TASK TO COMPLETE:
Return exactly the lines from the "ローズゴールドチェーンがグレ" line through the last line of the entries below. Include no pictures.

DATA FOR THIS EXERCISE:
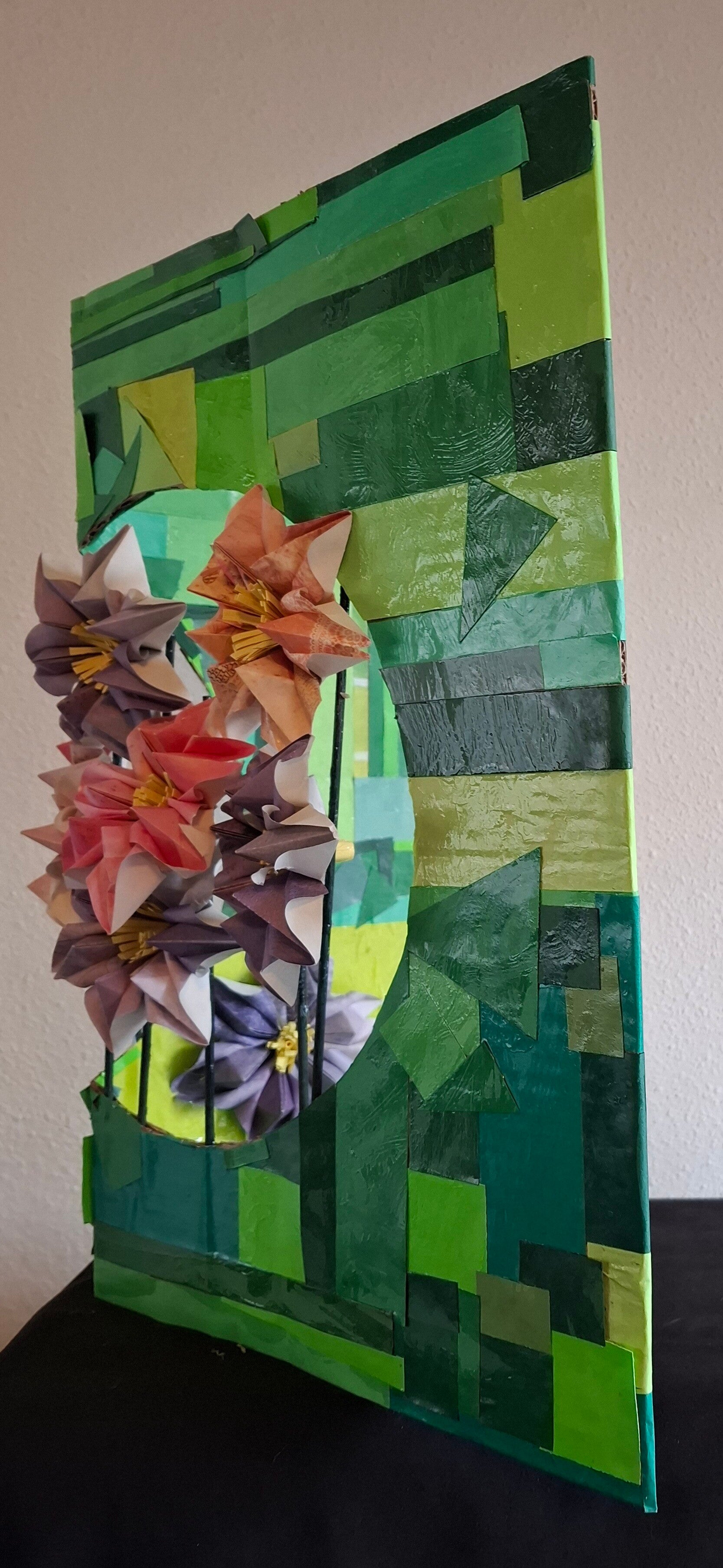 Dit bloemstuk is gemaakt van papier. Papier dat niemand meer wilde, dus duurzaam. Minder milieubelastend als echte bloemen, en ze blijven langer staan. Dus mooi cadootje.Heb ze in verschillende kleuren.
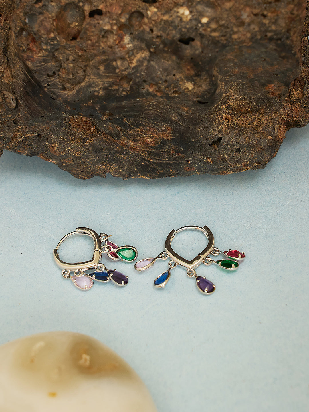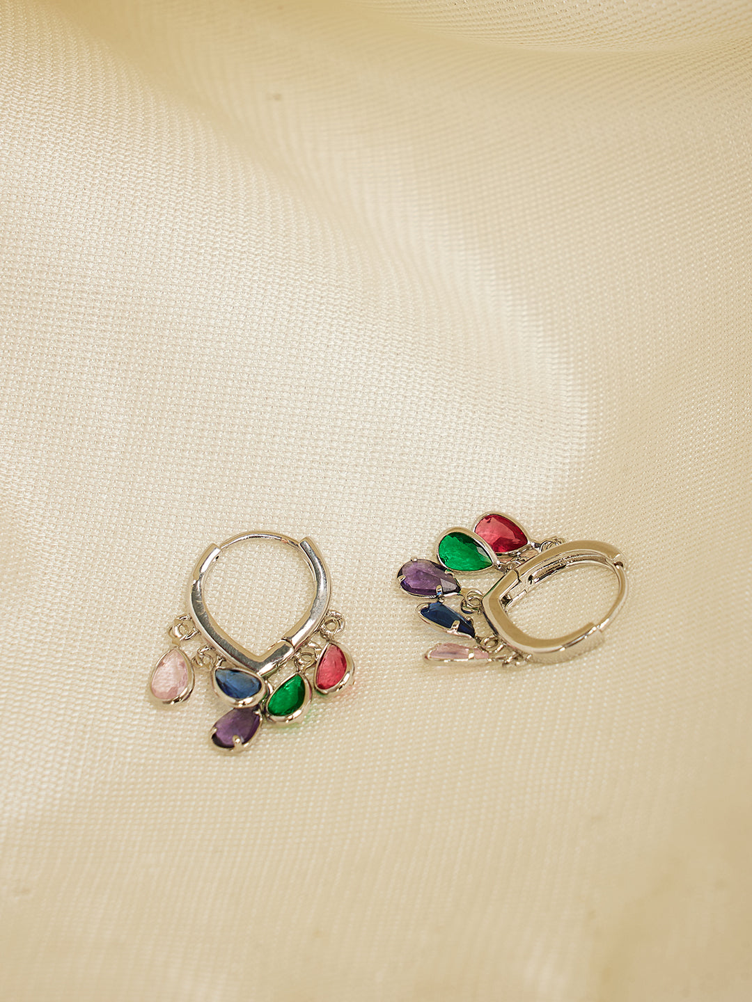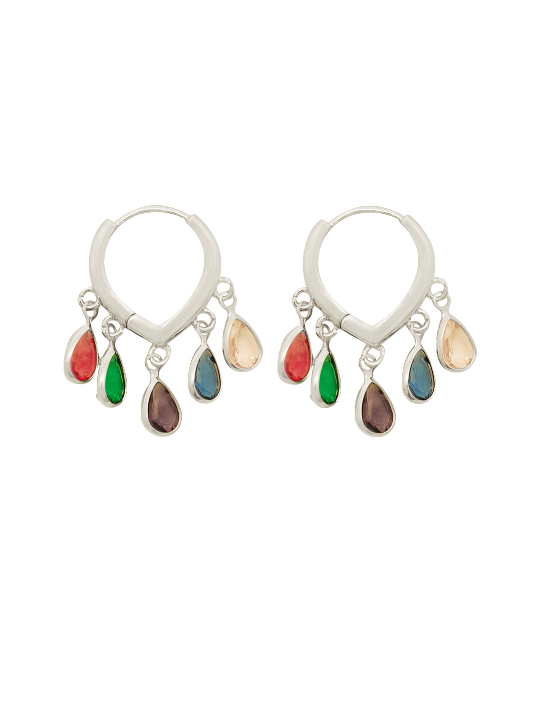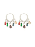 Silver-plated hoop earrings adorned with multicolor teardrop charms. Lightweight, vibrant, and perfect for festive or casual chic looks.
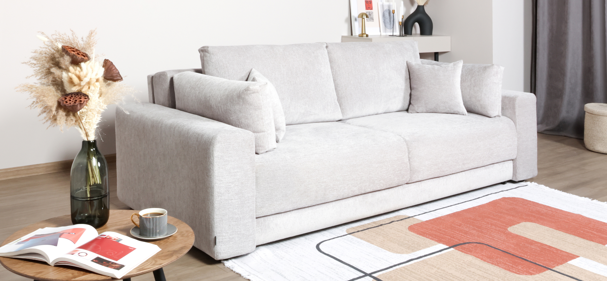 Оснащённый независимым пружинным блоком и высокоэластичной пеной Эластик Фоам с дополнительным слоем периотека, диван гарантирует анатомическую поддержку и комфортный сон. Простой и надёжный механизм трансформации «еврокнижка» позволяет легко преобразовать диван в просторное спальное место.
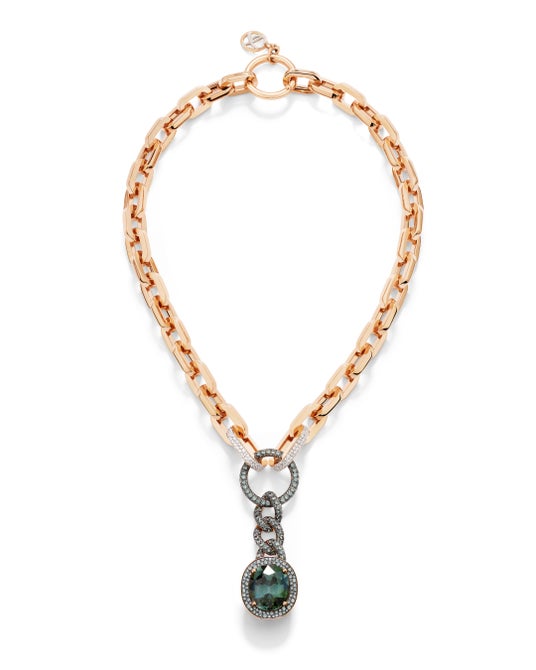 ローズゴールドチェーンがグレーサファイヤパヴェのほどこされたグルメチェーンにつながっています。チェーンは中央のグレーサファイヤ輝くゴールドサークルを通して一つになり、20.72カラットのグレーグリーントルマリンはペンダントのように優雅に垂れ下がります。
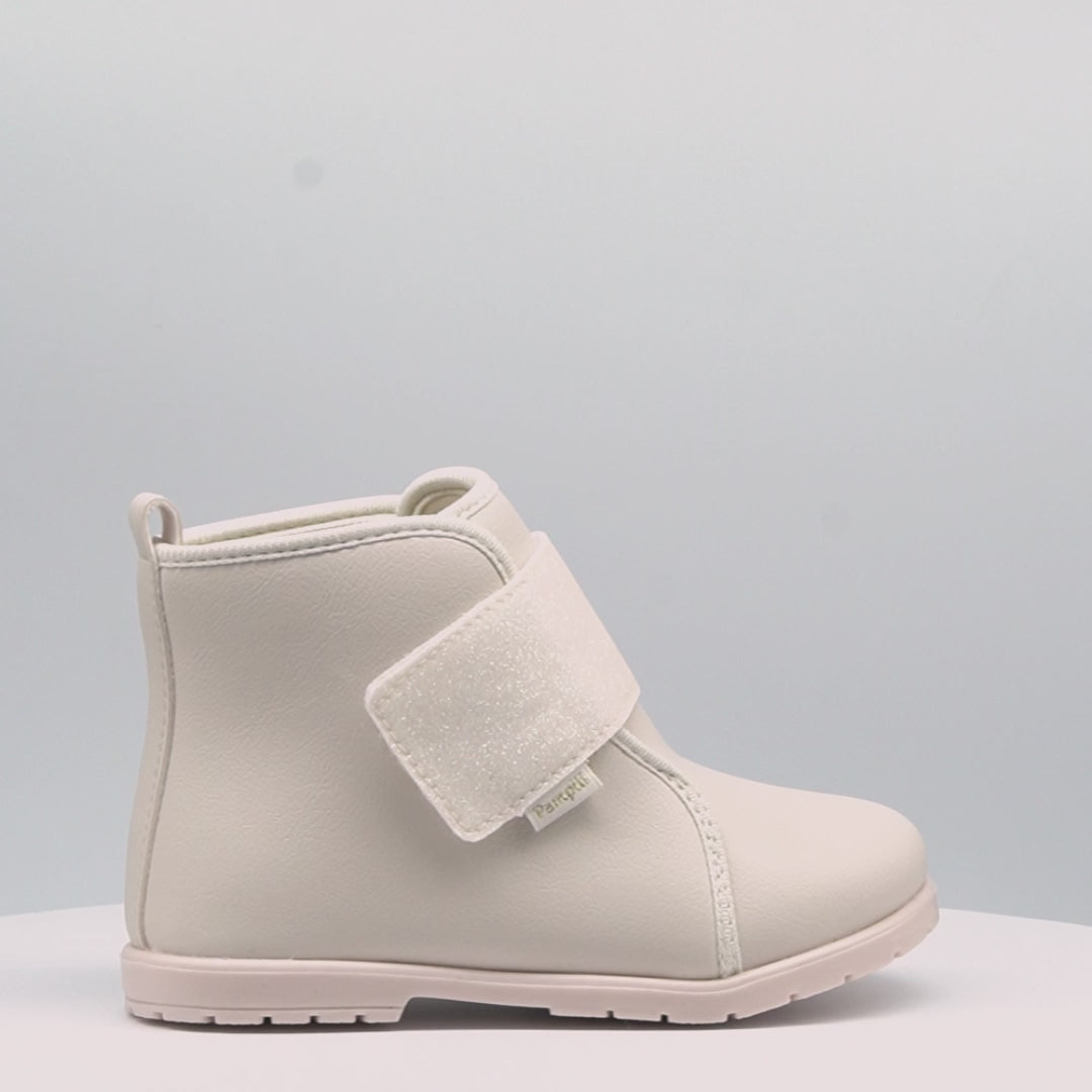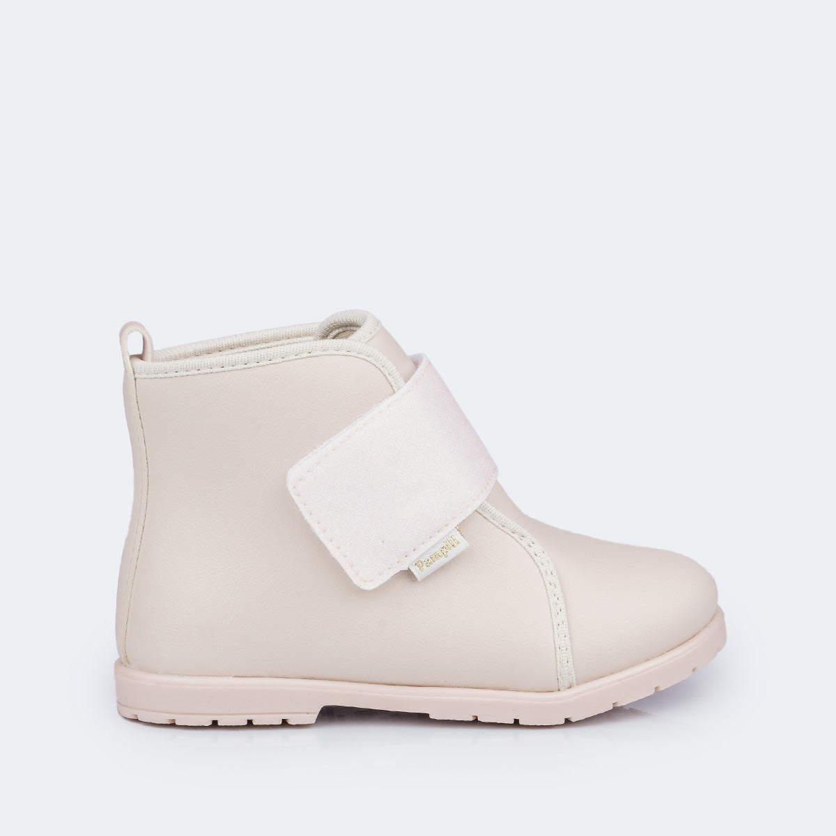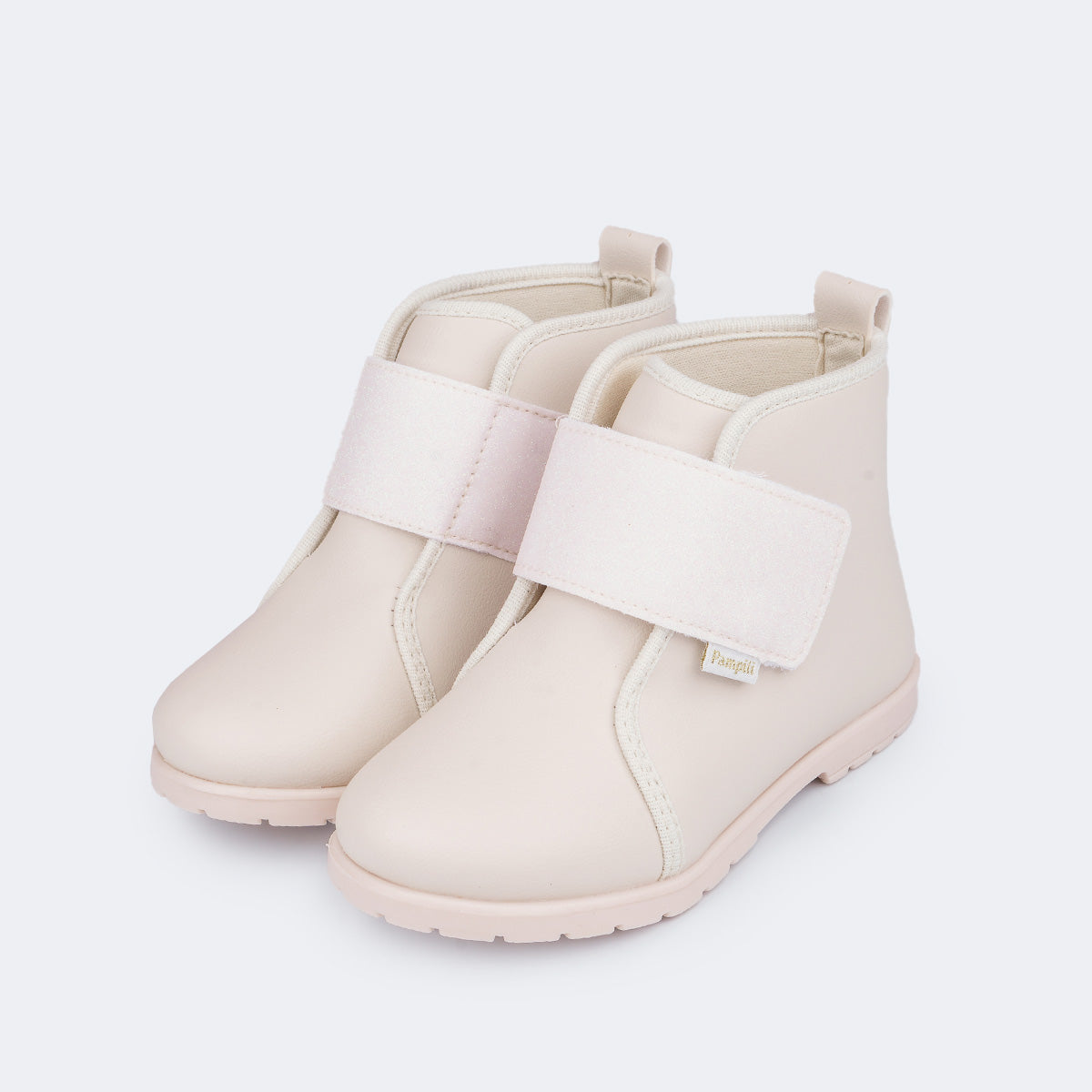 Bota infantil cano médio em sintético nude, um modelo moderno com muito estilo, do jeito que as meninas amam! Detalhe de tira em glitter e etiqueta lateral Pampili, dando autenticidade ao calçado. Bota feminina com forro interno que auxilia na absorção do suor. Palmilha Feet Care que possui um sistema avançado de fofura, com a densidade ideal para os pés, minimizando impactos. Bota infantil com solado em TR, que apresenta muita aderência e estabilidade, além da flexibilidade, resistência térmica e alto desempenho. Fechamento em tira aderente frontal, facilitando o calce para a mamãe!
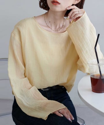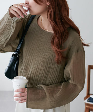 【新色追加!/全16色展開】シアー袖切替プルオーバー≪WEB限定カラーあり≫
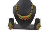 Terracotta Light Green and Gold Tribal Theme Necklace Set with Ear Hangings
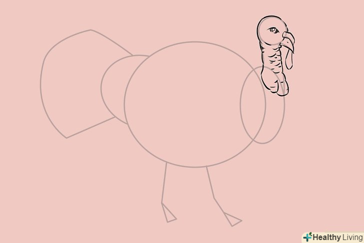 Намалюйте тулуб і ноги індички на основі свого контуру. додайте кілька кривих ліній, що формують воріт трохи нижче шиї для зображення пір'я.
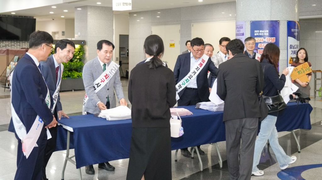 탄소중립 실천주간 행사로 수건등 개인용품을 배부하고 있는 김지철 충남교육감과 관계공무원들

RESPONSE FOR THIS EXERCISE:
 ローズゴールドチェーンがグレーサファイヤパヴェのほどこされたグルメチェーンにつながっています。チェーンは中央のグレーサファイヤ輝くゴールドサークルを通して一つになり、20.72カラットのグレーグリーントルマリンはペンダントのように優雅に垂れ下がります。
 Bota infantil cano médio em sintético nude, um modelo moderno com muito estilo, do jeito que as meninas amam! Detalhe de tira em glitter e etiqueta lateral Pampili, dando autenticidade ao calçado. Bota feminina com forro interno que auxilia na absorção do suor. Palmilha Feet Care que possui um sistema avançado de fofura, com a densidade ideal para os pés, minimizando impactos. Bota infantil com solado em TR, que apresenta muita aderência e estabilidade, além da flexibilidade, resistência térmica e alto desempenho. Fechamento em tira aderente frontal, facilitando o calce para a mamãe!
 【新色追加!/全16色展開】シアー袖切替プルオーバー≪WEB限定カラーあり≫
 Terracotta Light Green and Gold Tribal Theme Necklace Set with Ear Hangings
 Намалюйте тулуб і ноги індички на основі свого контуру. додайте кілька кривих ліній, що формують воріт трохи нижче шиї для зображення пір'я.
 탄소중립 실천주간 행사로 수건등 개인용품을 배부하고 있는 김지철 충남교육감과 관계공무원들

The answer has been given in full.